The last sentence you suggested is exactly what I had in mind.

Maybe we should follow this patch up w/ a change to the frame larger than diagnostic?

llvm/lib/CodeGen/StackFrameLayoutAnalysisPass.cpp
221–223

BTW, didn't clang format used to fix these? I definitely remember it doing that. I don't have any special config I use, so it's just picking up project defaults. AFAIK it's still an option, but doesn't seem to be set for the LLVM config anymore. Did we change the behavior here for a reason?

I get caught by these a lot when a loop gets simplified.

llvm/test/CodeGen/AArch64/arm64-opt-remarks-lazy-bfi.ll
43–46

It's 100% non-obvious.
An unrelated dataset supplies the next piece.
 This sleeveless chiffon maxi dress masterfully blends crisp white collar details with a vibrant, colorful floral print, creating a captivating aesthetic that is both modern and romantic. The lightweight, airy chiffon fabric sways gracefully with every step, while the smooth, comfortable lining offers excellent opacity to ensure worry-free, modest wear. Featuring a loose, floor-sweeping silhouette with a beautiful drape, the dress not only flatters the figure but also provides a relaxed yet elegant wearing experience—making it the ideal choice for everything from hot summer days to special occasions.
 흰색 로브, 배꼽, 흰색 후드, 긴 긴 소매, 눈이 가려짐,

It took me a bit to figure out that was how these worked when I added these.

paulkirth marked an inline comment as done.Thu, Jan 12, 6:35 PM
paulkirth updated this revision to Diff 489036.Fri, Jan 13, 9:13 AM

Fix test for Windows. I had missed one of the file paths in YAML.

@nickdesaulniers @thegameg Are we happy w/ the ReleaseNotes and the documentation changes? If so, I'll land this, but I wasn't sure either of you saw those changes ... or if using isFunctionInPrintList for now is a good choice until we can implement filtering for remarks.
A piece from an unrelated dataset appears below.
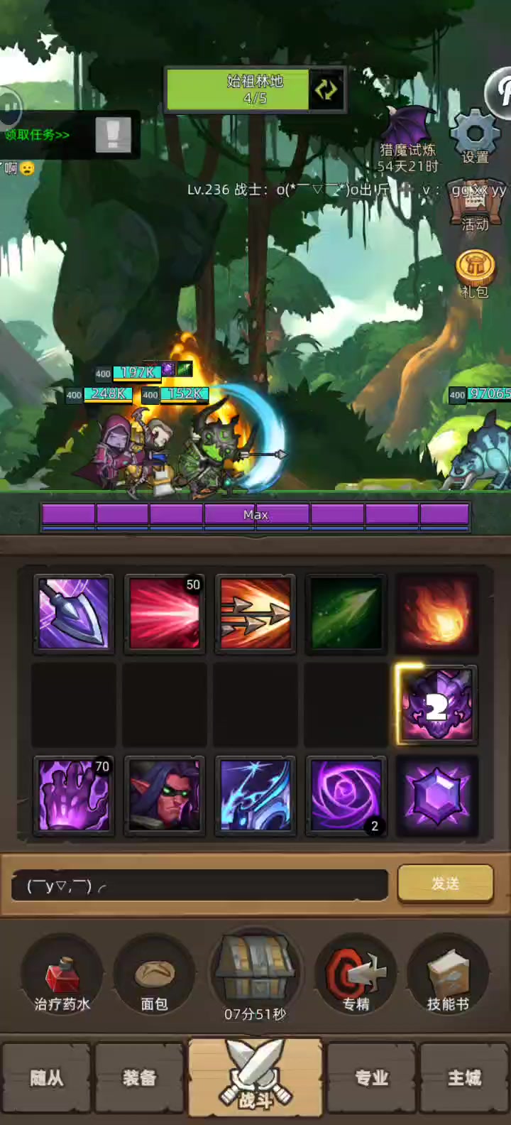 猎魔人专精定位:狩猎(半肉半输出)、箭术(输出)、魔人(输出)专精特性:1.低分挂机-狩猎(高闪避特性,缺少20%招架减伤,肉得不是很稳定)2.输出担当-箭术3.特效轰炸-魔人*挂机效率:箭术>魔人>狩猎随从选择:1.满圆桌女武神+船长/大王2.无氪金随从可以选择满圆桌至高王、满圆桌光明使者、女妖、不朽者或小狮子等组合注:“满圆桌

nickdesaulniers accepted this revision.Fri, Jan 13, 12:29 PM
thegameg accepted this revision.Fri, Jan 13, 12:52 PM
This revision was landed with ongoing or failed builds.Fri, Jan 13, 12:52 PM
This revision was automatically updated to reflect the committed changes.
paulkirth reopened this revision.Fri, Jan 13, 3:01 PM
This revision is now accepted and ready to land.Fri, Jan 13, 3:01 PM

This failed on some environments. See https://lab.llvm.org/buildbot/#/builders/109/builds/55534

clang/test/Frontend/stack-layout-remark.c
25

Line: might be fed to the next line. I suggest;

// YAML: DebugLoc:        { File: '{{.*}}stack-layout-remark.c',{{[:space:]}}Line: [[# @LINE + 24]],
225

ditto.

chapuni added inline comments.Fri, Jan 13, 3:09 PM
clang/test/Frontend/stack-layout-remark.c
25

typo. {{[:space:]}}*

paulkirth updated this revision to Diff 489147.Fri, Jan 13, 3:56 PM

Use more flexible whitespace matching

paulkirth marked 3 inline comments as done.Fri, Jan 13, 3:58 PM

@chapuni Thanks for the suggestion. It didn't occur to me that it could break the lines like that.

Thanks. I have noticed I suggested re-typo. (I didn't amend it since I thought it was obvious)

This revision was landed with ongoing or failed builds.Wed, Jan 18, 5:51 PM
This revision was automatically updated to reflect the committed changes.